Venezuela: Even the Priests Say Amen
Investigation reveals extent of the physical, social and psychological sway Columbian guerillas hold in border communities.
Venezuela: Even the Priests Say Amen
Investigation reveals extent of the physical, social and psychological sway Columbian guerillas hold in border communities.
One afternoon, in a town in the Venezuelan state of Táchira, close to the border with Colombia, 30 armed men arrived at the parish house aboard Toyota pickup trucks and motorcycles. Each wore a tunic marked with the inscription ELN, the initials of the National Liberation Army of Colombia guerrilla group.
They surrounded the parish priest and asked if he had any weapons.
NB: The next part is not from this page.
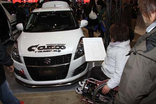 | 為了一覽心目中的改裝盛會,即使坐輪椅也要到現場來朝聖一番。 |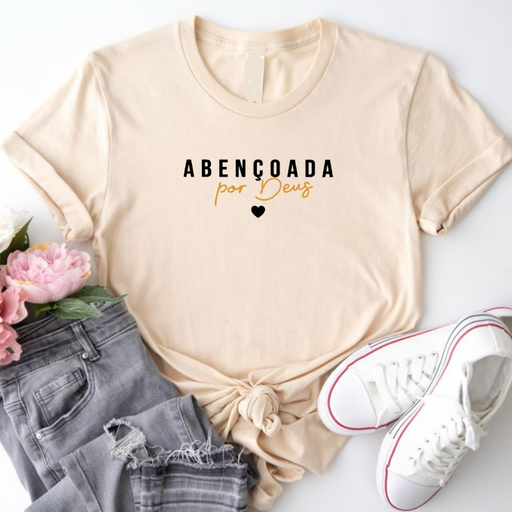Camiseta Blusa T-Shirt Feminina Cristã Abençoada Por Deus

“In the house of God there are no weapons,” the priest told them.
Then one of the militants opened a folder that contained a sheet of paper.
“We are going to read you this booklet so that you live in peace and the church can remain here,” he said.
The ELN warned the priest - who must remain anonymous for security reasons - that if he failed to comply with their rules, he would disappear.
According to an investigation that includes around 30 interviews with teachers, former officials, civil society activists and villagers, the Colombian rebel group has consolidated its de facto rule in border parts of the Venezuelan states of Táchira and Apure.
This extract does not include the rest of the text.